Monday, October 10, 2016

A is for "Act"

Though, I'll admit that words are seriously powerful, hurting and uplifting, as the case may be, actions are what really tell us the truth about a person's intentions.

With that in mind, I can honestly admit that my words have been damaging and my actions have done nothing to improve the situation. And since January, when we stood on the precipice of divorce (for real), I've been mostly saying things and not backing them up. I've said I love him and that I'll do whatever it takes to keep our marriage in tact. 

Oh sure, I've read a lot of self-help books, but I haven't done a great job of applying anything. With me, it's all a matter of - "Just hang on and let me read up on this, process it, write about it, and then I'll get around to the perfect solution." And that may be, but for him, that system takes too long. 

I don't blame him. He has no idea how much "processing" I do, because nothing I process seems to ever come out in action that really impacts him.

His biggest unhappiness in our relationship is our sex life. I'm not saying women don't need to feel desired, because they do...but I know for most men, it's imperative. Being desired gives him strength. And our sex life, when it's good, connects him to me in a way that nothing else does. It makes him happy. "Physical touch" and "words of affirmation" are his love languages. And so those are the languages I must use if I'm ever going to reach him. I need to stop trying to reach him in the ways I wish he'd try to reach me. 

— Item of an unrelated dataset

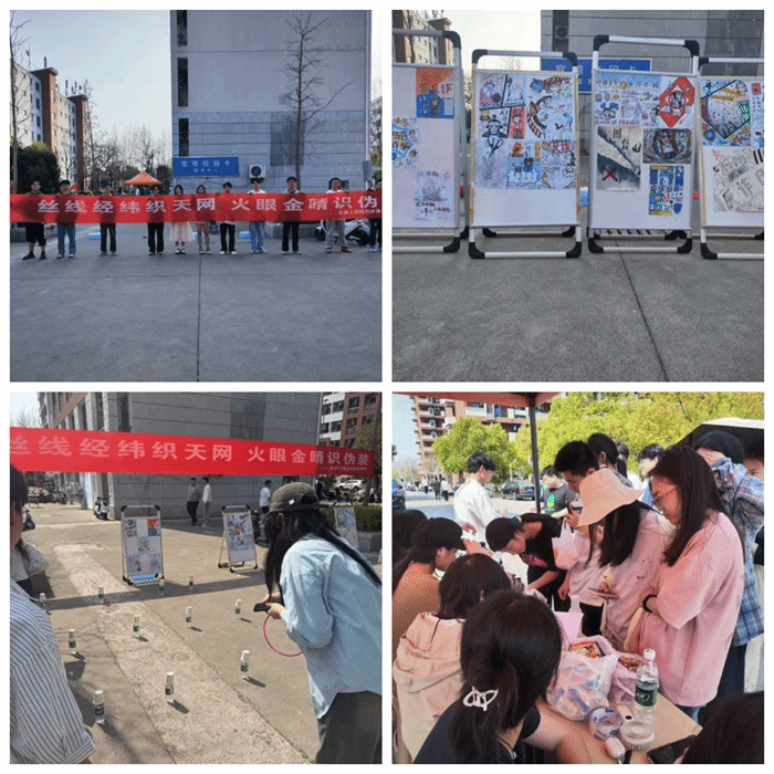 3月26日下午,“丝线经纬织天网,火眼金睛识伪装”主题反诈活动,在希望大道校区二期食堂门口举办,通过趣味套圈、情景问答等游戏,使同学们在轻松愉悦的氛围中,学习防骗防诈技巧。现场还准备了精美小礼品和小零食,不同等级奖项的设置,激发了同学们深入学习反诈知识的积极性。让他们在收获快乐的同时,也成长为了反诈知识的“行家里手”。

It's not as if I never touch him...because I do - all the time. I love him. And I touch him as if I love him. I also tell him I love him. The problem is...he already knows that, and while it's nice to feel and nice to hear, it isn't what he needs most right now. What he needs it to feel wanted. 

So that has to be the focus. Even if it's not the focus for me, it has to become the focus. And I have to show it...not say it.